* About this task
What you write should match, word for word, the lines from the one containing "- Mīļā, vai šodien pusdienās atkal konservi?" through the end of the data, with no pictures.

Data for this exercise section start

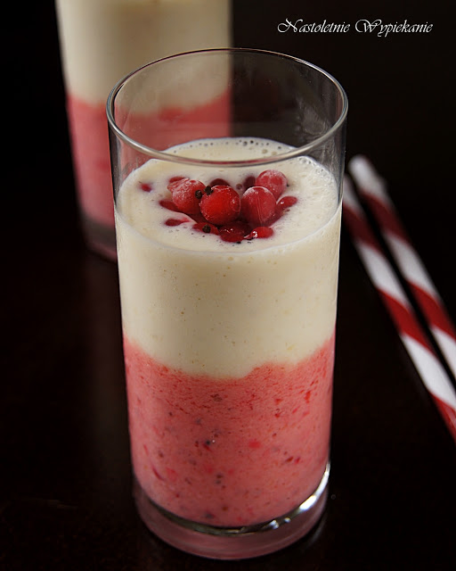 Smakowity, dwukolorowy koktajl dla każdego! Dolna, kwaskowata część z porzeczek doskonale równoważy słodycz górnej części z bananów. Zdrowo, szybko i energetycznie. Sam spróbuj!
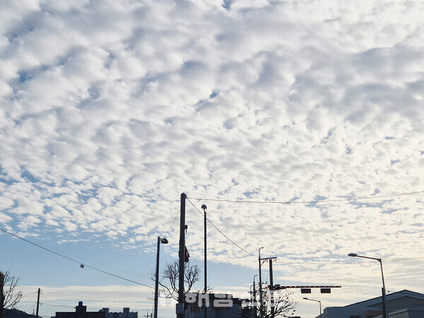 변호인 기자 구독 입력 2025.11.17 09:45 완연한 가을 날씨를 보인 지난 11일 오후 해남읍에서 바라본 하늘에 양떼구름이 펼쳐졌다. 작은 구름덩어리가 양들이 뛰어노는 모습처럼 보인다고 해 양떼구름이라는 별명이 붙었다. 저작권자 © 해남신문 무단전재 및 재배포 금지 개의 댓글 회원로그인 댓글 내용입력 댓글 정렬 최신순 추천순 답글순 BEST댓글 BEST 댓글 답글과 추천수를 합산하여 자동으로 노출됩니다. 닫기 더보기 댓글삭제 삭제한 댓글은 다시 복구할 수 없습니다. 그래도 삭제하시겠습니까? 비밀번호 닫기 댓글수정 댓글 수정은 작성 후 1분내에만 가능합니다. 본문 / 400 비밀번호 닫기 내 댓글 모음 닫기
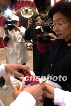 圖:“神舟”四號飛船返回艙在京開艙
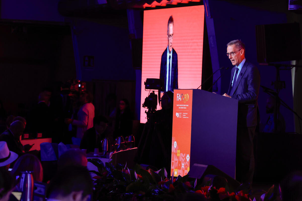14 October 2025, Rome, Italy. Donal Brown, Associate Vice President, Department fir Country Operations, IFAD. Official opening of the Hand-in-Hand (HIH) Initiative Investment Forum 2025. World Food Forum (WFF) 2025. The fifth edition of the World Food Forum (WFF), the largest annual gathering of agrifood systems stakeholders globally, runs at FAO headquarters in Rome from 10 to 17 October 2025. FAO Headquarters (Plenary Hall).
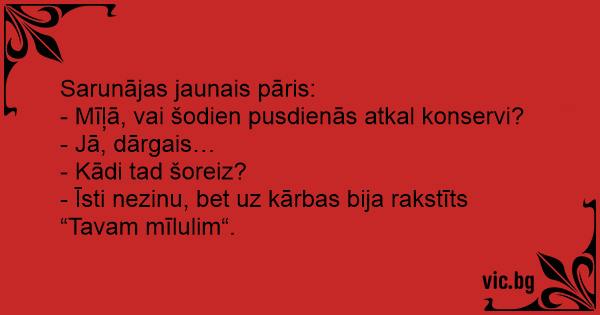 - Mīļā, vai šodien pusdienās atkal konservi?
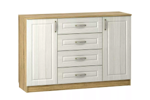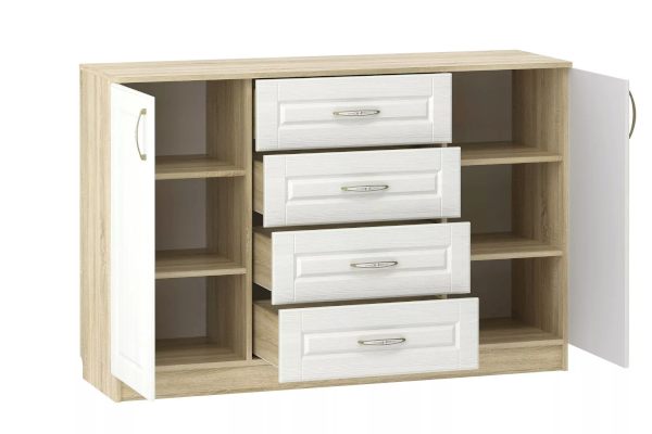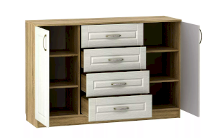 В дизайне тумбы Оливия НМ 040.35 X прослеживается четкая симметрия, которая придает внешнему виду модуля цельность. Тумба центральной части оснащена четырьмя выдвижными ящиками для хранения документов, аксессуаров и мелочей. Справа и слева от ящиков находятся две одинаковые секции с полками для одежды. Полки в сочетании с выдвижными ящиками позволят хранить в тумбе максимум вещей.

Data for this exercise section end

* Solution for this problem
 - Mīļā, vai šodien pusdienās atkal konservi?
 В дизайне тумбы Оливия НМ 040.35 X прослеживается четкая симметрия, которая придает внешнему виду модуля цельность. Тумба центральной части оснащена четырьмя выдвижными ящиками для хранения документов, аксессуаров и мелочей. Справа и слева от ящиков находятся две одинаковые секции с полками для одежды. Полки в сочетании с выдвижными ящиками позволят хранить в тумбе максимум вещей.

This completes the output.